Task directions → Task for the records below: please copy exactly, and only, the lines from the one containing "Zdaj še teh" to the last line, both included, leaving out the pictures.

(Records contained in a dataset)
┄┄┄┄┄┄┄┄┄┄

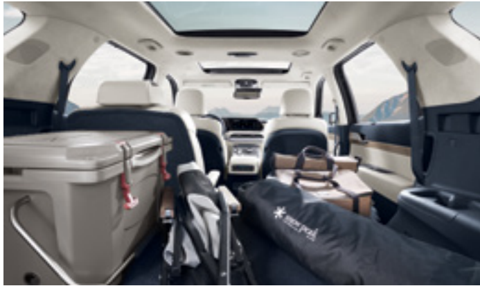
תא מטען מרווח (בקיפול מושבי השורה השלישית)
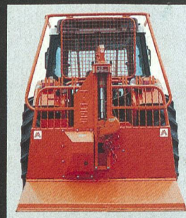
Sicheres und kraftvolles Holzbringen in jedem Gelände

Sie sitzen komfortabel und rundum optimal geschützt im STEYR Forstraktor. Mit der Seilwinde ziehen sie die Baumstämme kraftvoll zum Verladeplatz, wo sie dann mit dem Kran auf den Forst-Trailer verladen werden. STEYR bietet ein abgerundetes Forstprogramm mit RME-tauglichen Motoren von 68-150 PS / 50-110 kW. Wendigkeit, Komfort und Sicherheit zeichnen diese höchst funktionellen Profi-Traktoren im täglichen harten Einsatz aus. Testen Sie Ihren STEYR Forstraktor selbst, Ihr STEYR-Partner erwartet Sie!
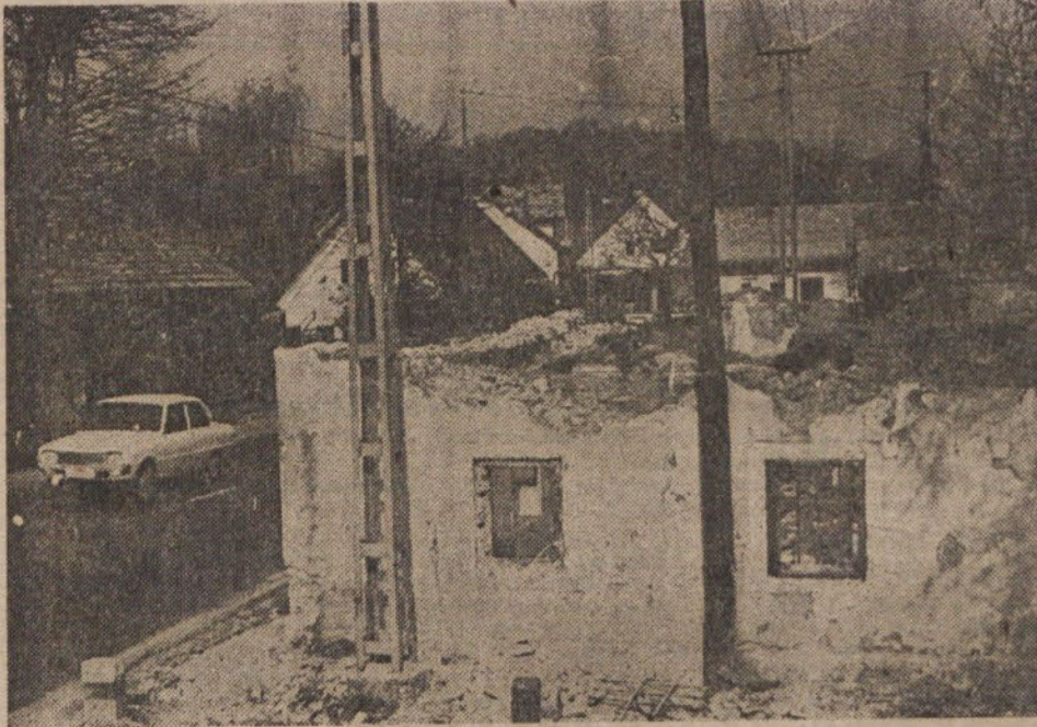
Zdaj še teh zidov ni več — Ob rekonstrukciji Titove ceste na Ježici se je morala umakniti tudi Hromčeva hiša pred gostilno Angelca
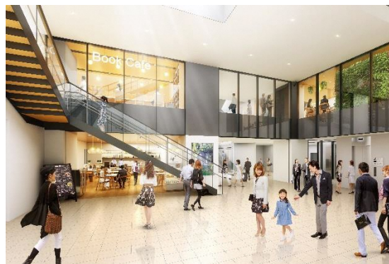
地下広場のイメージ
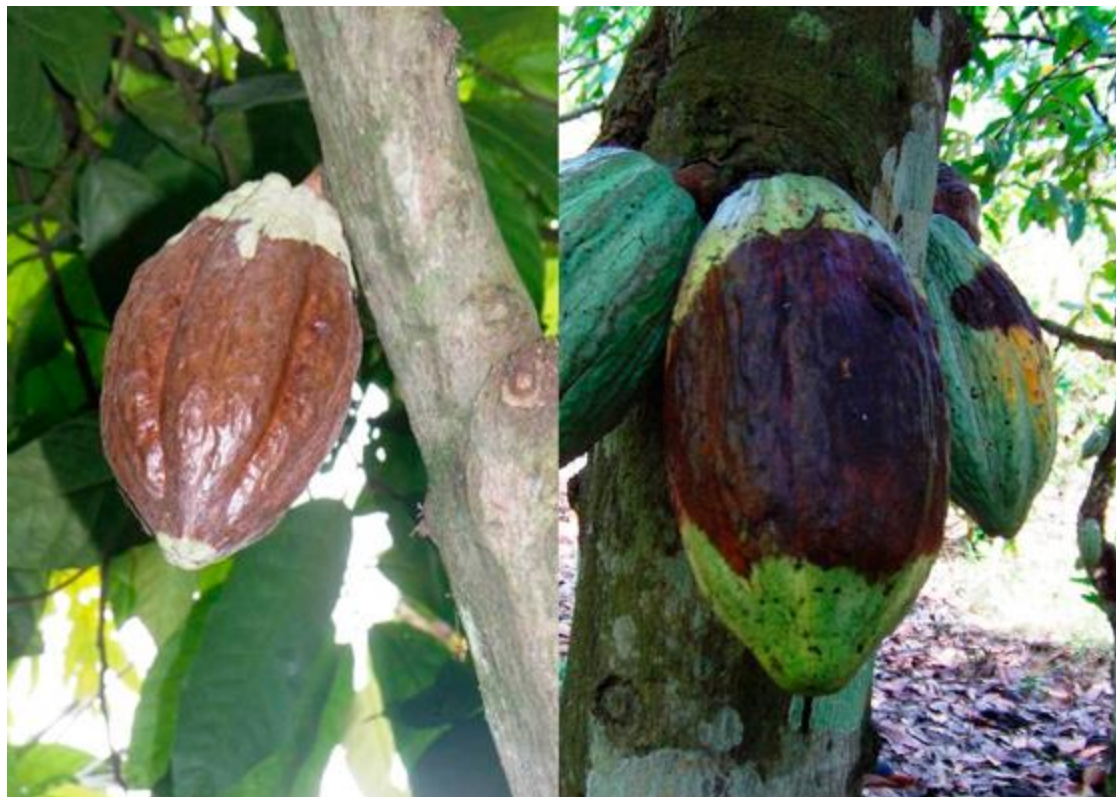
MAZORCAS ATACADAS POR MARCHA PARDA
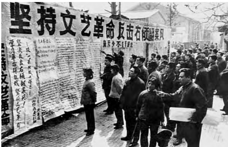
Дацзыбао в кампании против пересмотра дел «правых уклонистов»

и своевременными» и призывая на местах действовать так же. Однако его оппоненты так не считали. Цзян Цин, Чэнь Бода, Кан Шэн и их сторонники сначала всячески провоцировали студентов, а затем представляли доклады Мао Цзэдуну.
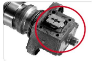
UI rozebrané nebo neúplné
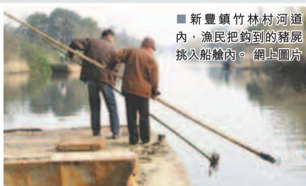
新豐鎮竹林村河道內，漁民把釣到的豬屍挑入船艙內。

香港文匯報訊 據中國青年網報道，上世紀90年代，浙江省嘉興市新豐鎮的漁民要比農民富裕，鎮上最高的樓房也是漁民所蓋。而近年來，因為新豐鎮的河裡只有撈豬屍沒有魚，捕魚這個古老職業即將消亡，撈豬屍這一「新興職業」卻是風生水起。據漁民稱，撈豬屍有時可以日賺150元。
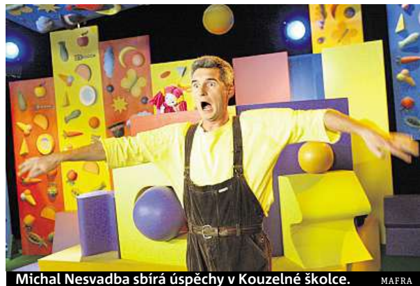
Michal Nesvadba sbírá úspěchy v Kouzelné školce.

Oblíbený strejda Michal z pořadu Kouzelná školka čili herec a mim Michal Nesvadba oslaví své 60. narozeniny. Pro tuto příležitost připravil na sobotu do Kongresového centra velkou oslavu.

┄┄┄┄┄┄┄┄┄┄

Exercise solution →
Zdaj še teh zidov ni več — Ob rekonstrukciji Titove ceste na Ježici se je morala umakniti tudi Hromčeva hiša pred gostilno Angelca
地下広場のイメージ
MAZORCAS ATACADAS POR MARCHA PARDA
Дацзыбао в кампании против пересмотра дел «правых уклонистов»

и своевременными» и призывая на местах действовать так же. Однако его оппоненты так не считали. Цзян Цин, Чэнь Бода, Кан Шэн и их сторонники сначала всячески провоцировали студентов, а затем представляли доклады Мао Цзэдуну.
UI rozebrané nebo neúplné
新豐鎮竹林村河道內，漁民把釣到的豬屍挑入船艙內。

香港文匯報訊 據中國青年網報道，上世紀90年代，浙江省嘉興市新豐鎮的漁民要比農民富裕，鎮上最高的樓房也是漁民所蓋。而近年來，因為新豐鎮的河裡只有撈豬屍沒有魚，捕魚這個古老職業即將消亡，撈豬屍這一「新興職業」卻是風生水起。據漁民稱，撈豬屍有時可以日賺150元。
Michal Nesvadba sbírá úspěchy v Kouzelné školce.

Oblíbený strejda Michal z pořadu Kouzelná školka čili herec a mim Michal Nesvadba oslaví své 60. narozeniny. Pro tuto příležitost připravil na sobotu do Kongresového centra velkou oslavu.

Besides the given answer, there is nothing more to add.